Perhaps a more significant plus for businesses would be the absence of juries in the new private system. Juries typically tend to disfavor businesses over non-business parties. This is especially true when the business is not based in the region where the court is sitting. Judges, as finders of fact, are presumably more sophisticated than juries and less likely to be burdened by a jury’s typical prejudices.

However, the strong incentives to erect a comprehensive private judiciary may be offset by disincentives arising from the would-be legal entrepreneurs’ fears that any investment made in this field may be lost. Business people seem vaguely apprehensive that some future legislative backlash may occur, incited by “public interest” groups’ exaggerated emphasis on the negative policy implications of a private judiciary.

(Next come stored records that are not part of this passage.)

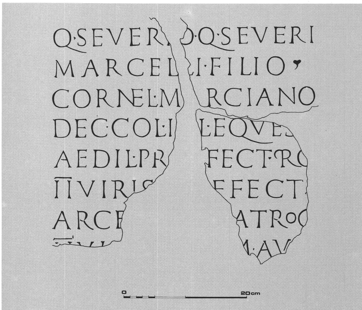
fig. 2 Fac-similé de l'inscription. Faksimile der Inschrift. Facsimile dell'iscrizione.

»A Quintus Severius Marcianus, fils de Quintus Severius Marcellus, de la tribu Cornelia, décurion de la Colonia Julia Equestris, édile, préfet remplaçant les duumvirs, préfet à la répression du brigandage, duumvir..., flamine d'Auguste,...«
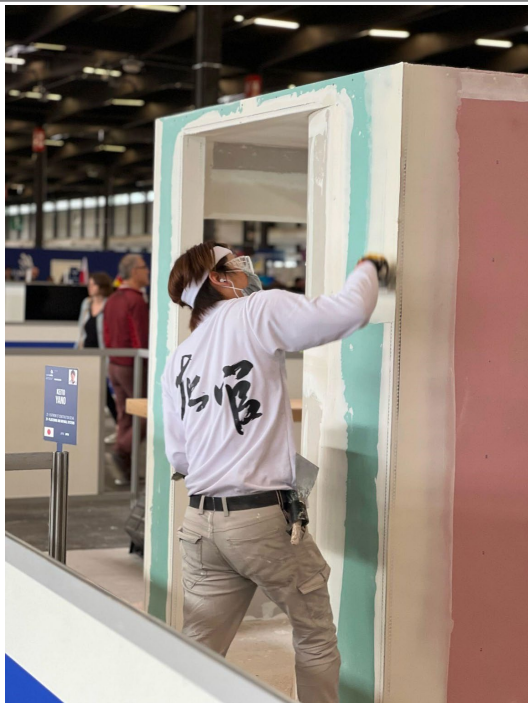
↑ 技能五輪国際大会
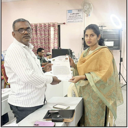
करून दोषींवर कडक कारवाई करावी, तसेच पारदर्शक पद्धतीने प्रवेश प्रक्रिया राबवावी, अशी मागणी निवेदनातून करण्यात आली आहे. दरम्यान, या विषयावर लवकरात लवकर कारवाई न झाल्यास आंदोलनाचा इशारा देखील तेजस्वी फाउंडेशनच्या वतीने देण्यात आला आहे.
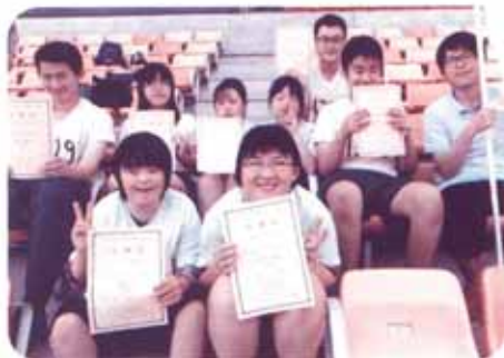
みんな一生懸命頑張りました!

今回出場した8名の選手達には喜びは自信に、悔しさは次の力にして来年への目標にしてほしいです。
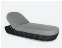
pag 88 TONGA LETTINO / SUNLOUNGER cod 606/AT P82 P205 P36
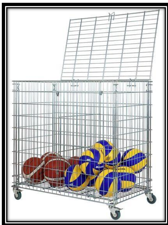
Rys. 2. Zdjęcie przedstawia przykładowy wózek koszykowy na piłki
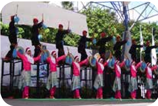
Rampak Beduk Banten
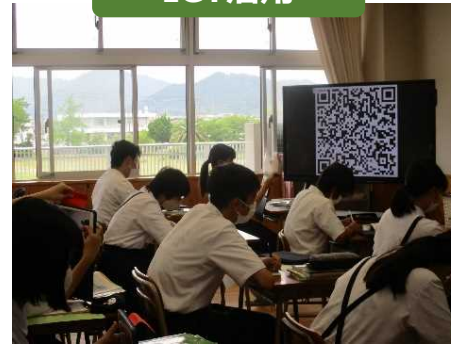
QRコードから本時に係る復習
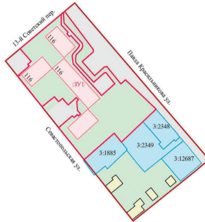
Ведомость земельных участков под многоквартирными домами
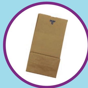
Một túi giấy
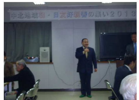
挨拶される市議会議員の方々
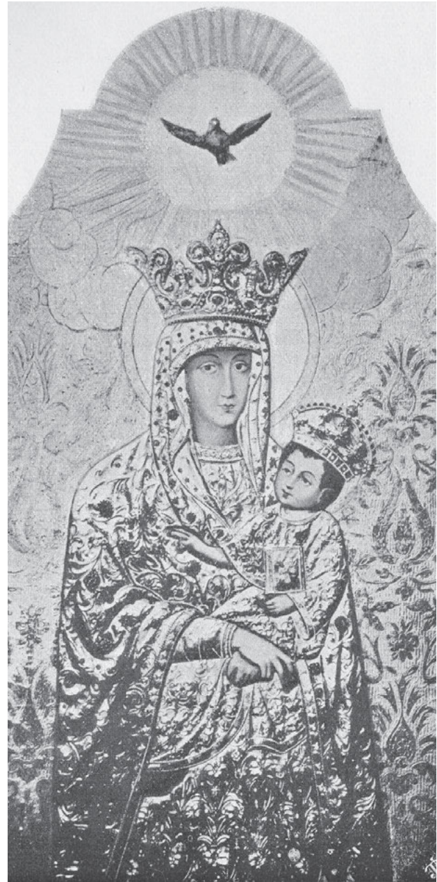
4. Obraz Matki Boskiej Pocieszenia, fotografia sprzed 1939, Kraków, Archiwum Prowincji Polski Południowej Towarzystwa Jezusowego

W lutym 1905 r. zwrócono się do kapituły watykańskiej o pozwolenie na koronację, petycję podpisał episkopat galicyjski trzech obrządków, najwyżsi urzędnicy z namiestnikiem i marszałkiem krajowym, posłowie do rady państwa i sejmu, burmistrz lwowski z magistratem i radą. 12 lutego wydano w Rzymie dekret koronacyjny, a arcybiskupowi Bilczewskiemu zlecono dokonanie aktu Koronacji. W „Kurendzie” archidiecezji lwowskiej z 28 kwietnia 1905 r. ogłoszono dekret uznający „starożytność” i cudowność obrazu i wyznaczono uroczystość na dzień 28 maja 13 .
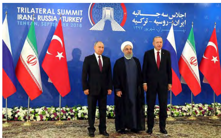
Президент Турции Раджип Тайип Эрдоган (справа), президент Ирана Хасан Рухани (в центре) и президент Российской Федерации Владимир Путин (слева), в ходе государственной встречи на высшем уровне, состоявшейся в Тегеране (сайт президента России, 7 сентября 2018 г.)

В ходе политических контактов, которые велись на протяжении последних недель, возникли разногласия между Россией, Ираном и Турцией , вокруг вопроса о необходимости захвата района г. Идлиб. В то время, как Россия и Иран выступают в поддержку масштабного сухопутного наступления, Турция возражает против него, публично призывает к прекращению огня и требует от России и от Ирана прекратить ведущиеся их силами бомбардировки и обстрелы . Министр иностранных дел Турции пояснил, что в том случае, если эти бомбардировки и обстрелы будут прекращены – Турция будет согласна действовать в согласовании со всеми замешанными сторонами, с целью добиться окончания присутствия "террористических организаций" в районе г. Идлиб (газета "Хорайет Дейли ньюз", 12 сентября 2018 г.). Эти разногласия уже помешали выработке соглашения в ходе встречи на высшем уровне, которая проводилась в Тегеране (7 сентября 2018 г.) при участии лидеров России, Ирана и Турции.

It is true that privatization of the judiciary will not happen without costs. The real costs, however, are not those to which such interest groups would likely object. Highly qualified judges, already being tempted away from their low-salaried positions on the bench back to the private sector, would likely leave in greater numbers for work as private judges. This migration might further impoverish the pool of legal thinkers in the publicly financed judiciary, thereby leaving behind both less skilled jurists and the type of activist judges for whom there would be no demand in the private sector. Another perceived cost of privatization, assuming the demand for dispute resolution does not rise in response to decreased costs, is the reduction in the number of billable hours that firms can expect to generate. The costs to the legal profession may here be directly inverse to the benefits clients receive. Accordingly, the legal establishment may be reluctant to endorse privatization. (The American Bar Association has taken no position on the trend as yet.)

However, in this respect it is certain that businesses involved in private dispute resolution would gain. Alan Epstein, president of Judicate, insists that any loss to a firm in billable hours will be offset by an increased capacity to take on cases, as well as by a happier group of clients.

Cases with profound social policy implications will inevitably continue to be brought in the public courts. Nevertheless, it seems likely that legislatures will eventually be persuaded that the greater dispensation of justice (in terms of speedier proceedings and the higher real awards that would result) outweighs any potential impoverishment of the public judiciary.

In sum, the policy question at the core of any future debate concerning whether a private judiciary should be allowed to exist is whether the public judiciary could profit by a little competition to its status as the primary organ of dispute resolution. Given the current crisis, the answer should be in the affirmative.